Data for this task START

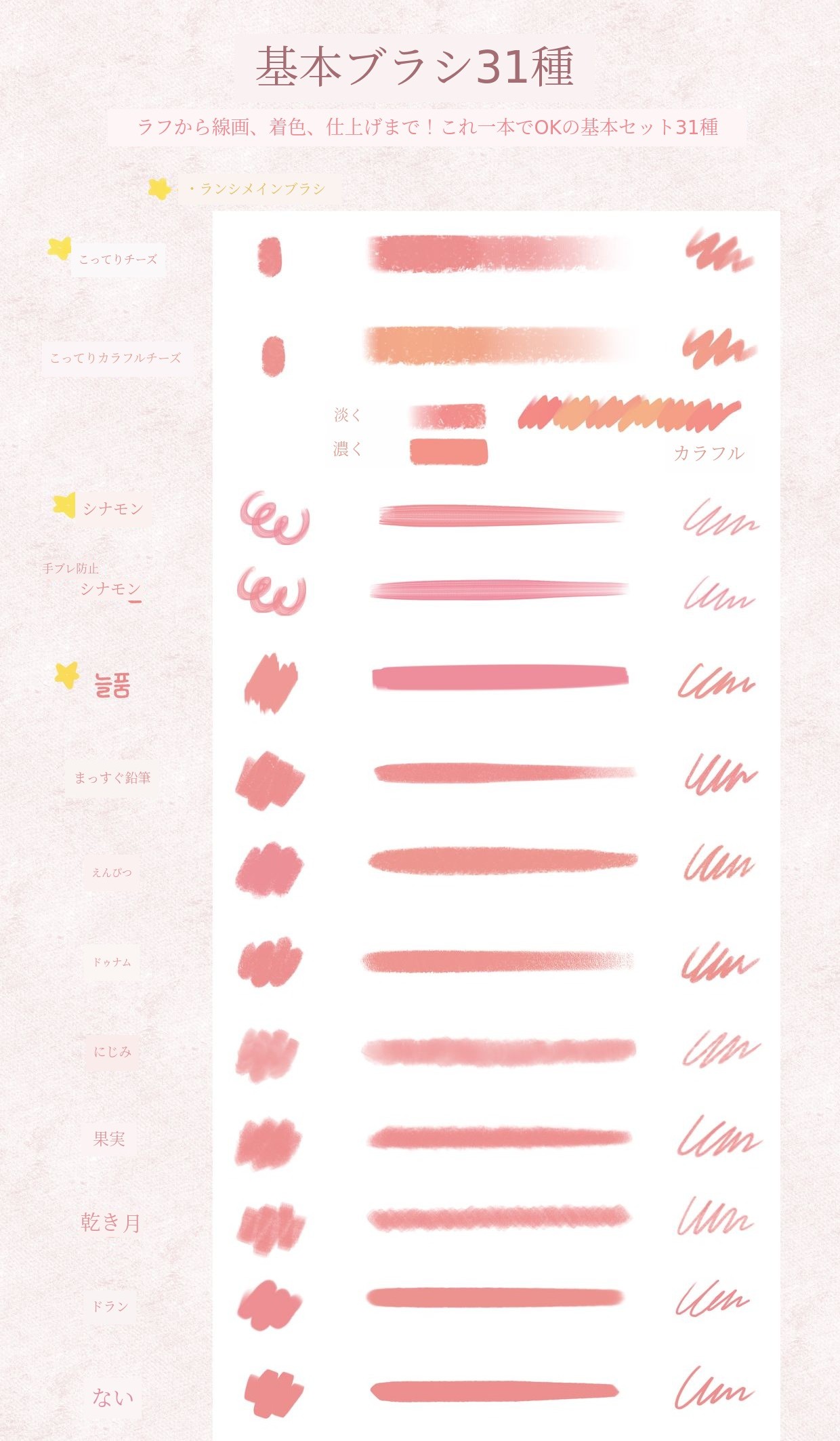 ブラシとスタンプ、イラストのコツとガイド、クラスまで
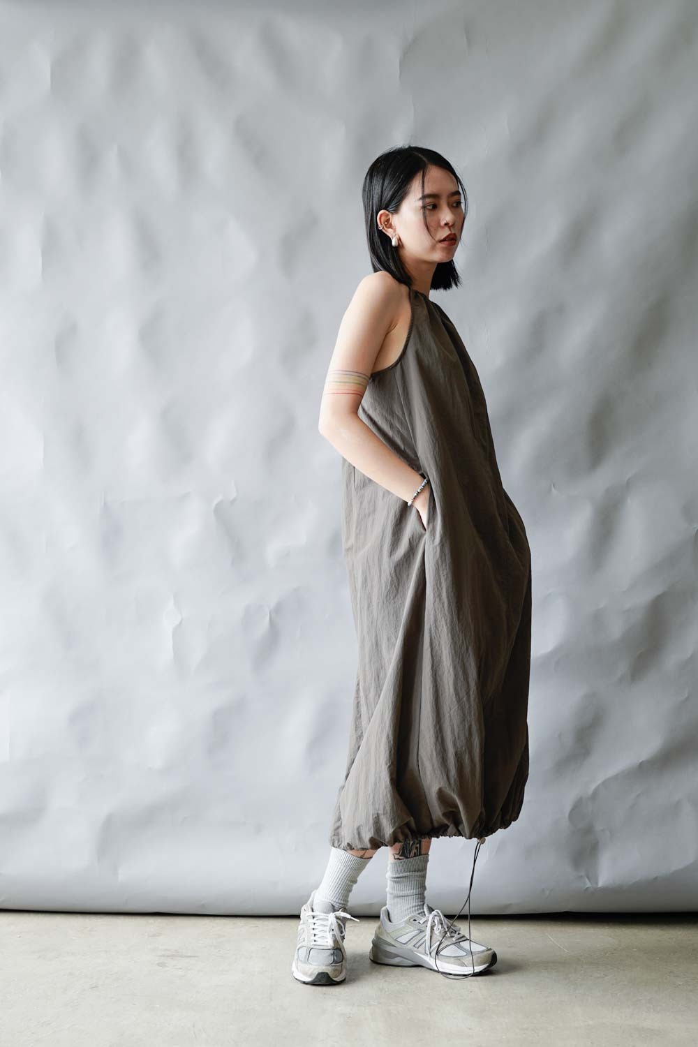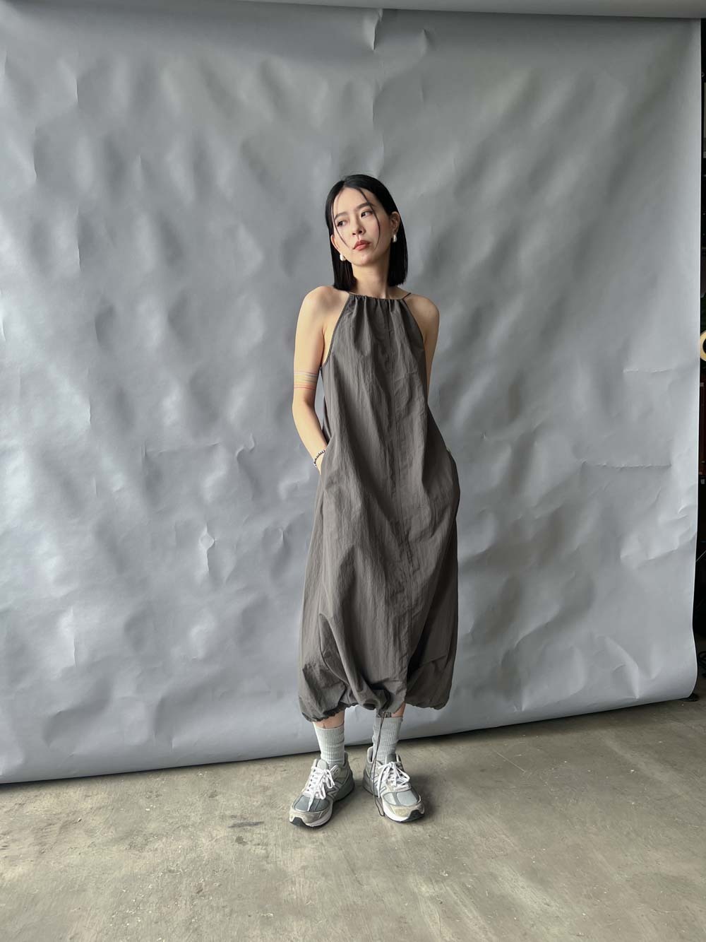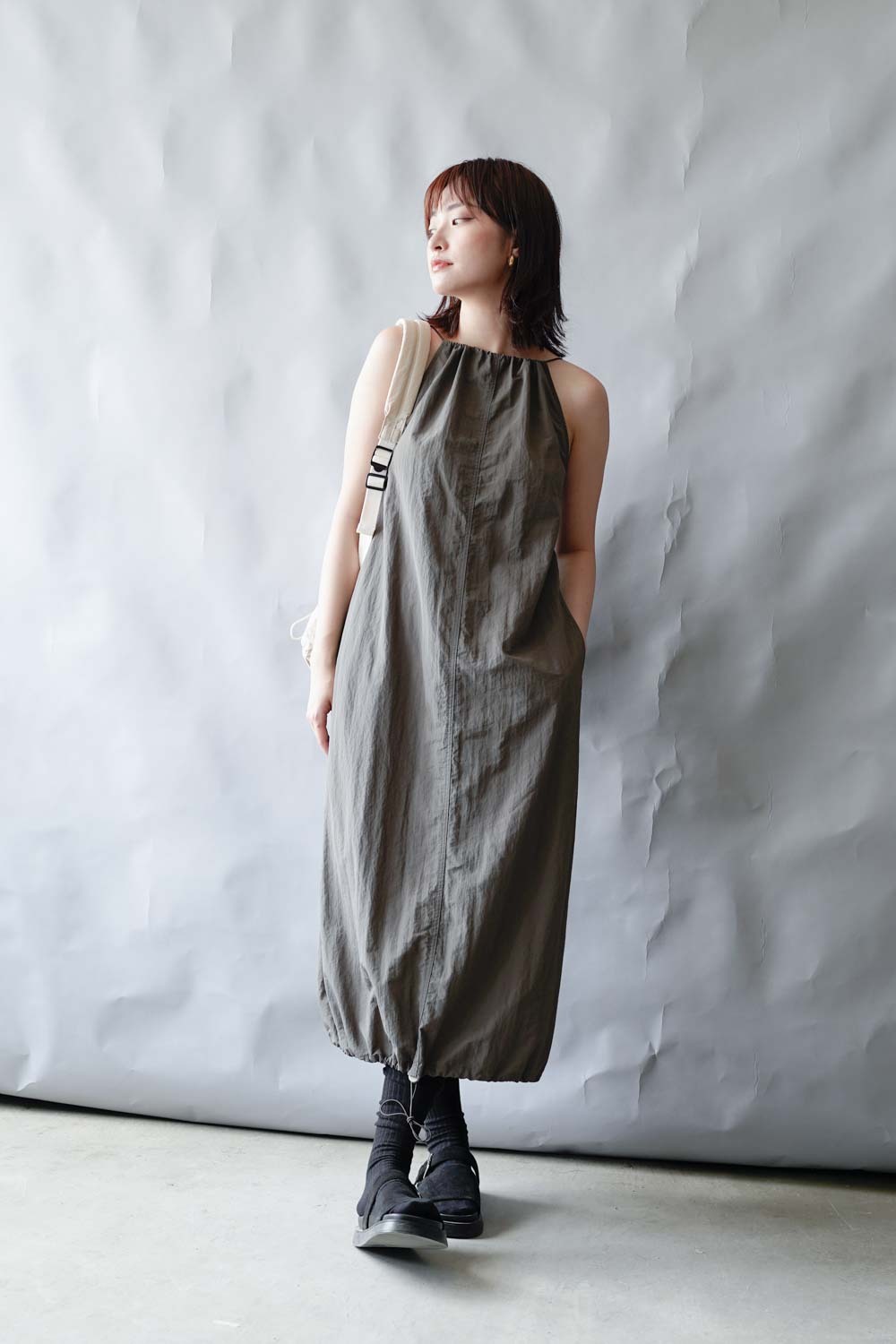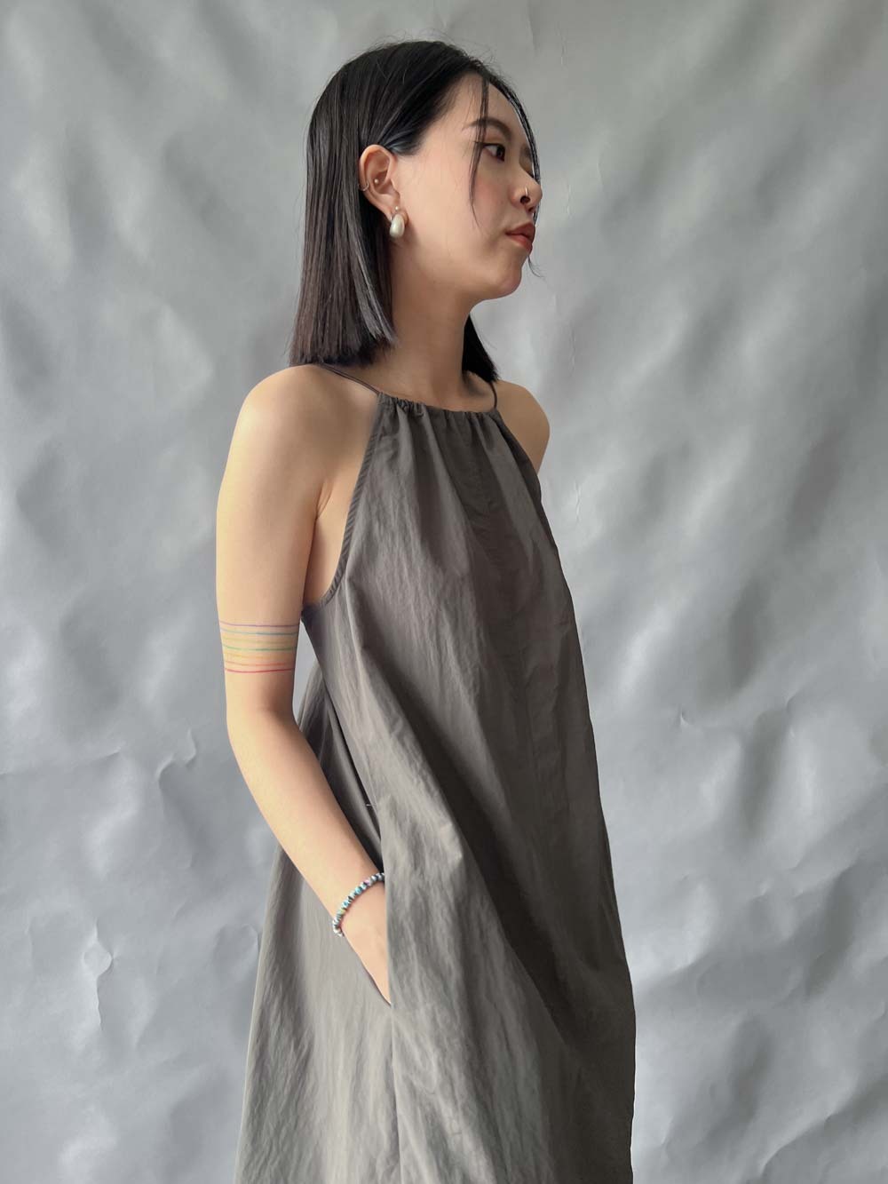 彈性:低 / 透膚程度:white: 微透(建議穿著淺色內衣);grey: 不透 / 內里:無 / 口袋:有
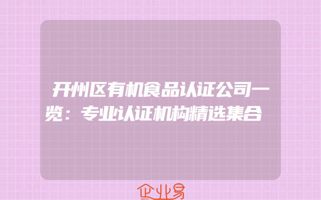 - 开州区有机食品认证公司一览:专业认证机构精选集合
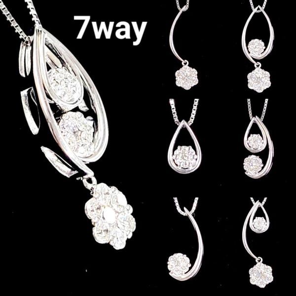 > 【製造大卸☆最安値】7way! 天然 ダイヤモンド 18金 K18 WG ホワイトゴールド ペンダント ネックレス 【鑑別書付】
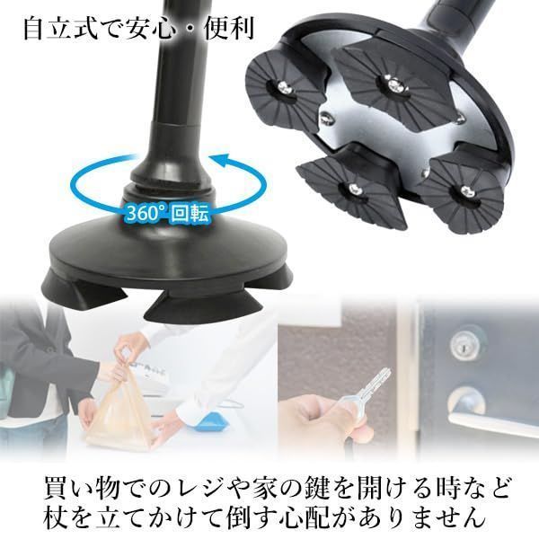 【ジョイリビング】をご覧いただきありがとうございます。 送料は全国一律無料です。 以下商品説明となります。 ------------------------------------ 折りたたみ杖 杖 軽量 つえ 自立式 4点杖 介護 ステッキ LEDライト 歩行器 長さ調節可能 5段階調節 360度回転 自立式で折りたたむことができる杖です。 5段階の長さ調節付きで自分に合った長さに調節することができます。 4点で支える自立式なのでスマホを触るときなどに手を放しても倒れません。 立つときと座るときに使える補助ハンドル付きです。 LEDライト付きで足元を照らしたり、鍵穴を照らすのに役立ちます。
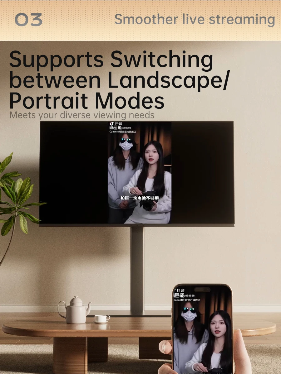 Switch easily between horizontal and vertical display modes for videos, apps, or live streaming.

Data for this task END

### Problem details
Omit the pictures and set down the records exactly.

### Task response
 ブラシとスタンプ、イラストのコツとガイド、クラスまで
 彈性:低 / 透膚程度:white: 微透(建議穿著淺色內衣);grey: 不透 / 內里:無 / 口袋:有
 - 开州区有机食品认证公司一览:专业认证机构精选集合
 > 【製造大卸☆最安値】7way! 天然 ダイヤモンド 18金 K18 WG ホワイトゴールド ペンダント ネックレス 【鑑別書付】
 【ジョイリビング】をご覧いただきありがとうございます。 送料は全国一律無料です。 以下商品説明となります。 ------------------------------------ 折りたたみ杖 杖 軽量 つえ 自立式 4点杖 介護 ステッキ LEDライト 歩行器 長さ調節可能 5段階調節 360度回転 自立式で折りたたむことができる杖です。 5段階の長さ調節付きで自分に合った長さに調節することができます。 4点で支える自立式なのでスマホを触るときなどに手を放しても倒れません。 立つときと座るときに使える補助ハンドル付きです。 LEDライト付きで足元を照らしたり、鍵穴を照らすのに役立ちます。
 Switch easily between horizontal and vertical display modes for videos, apps, or live streaming.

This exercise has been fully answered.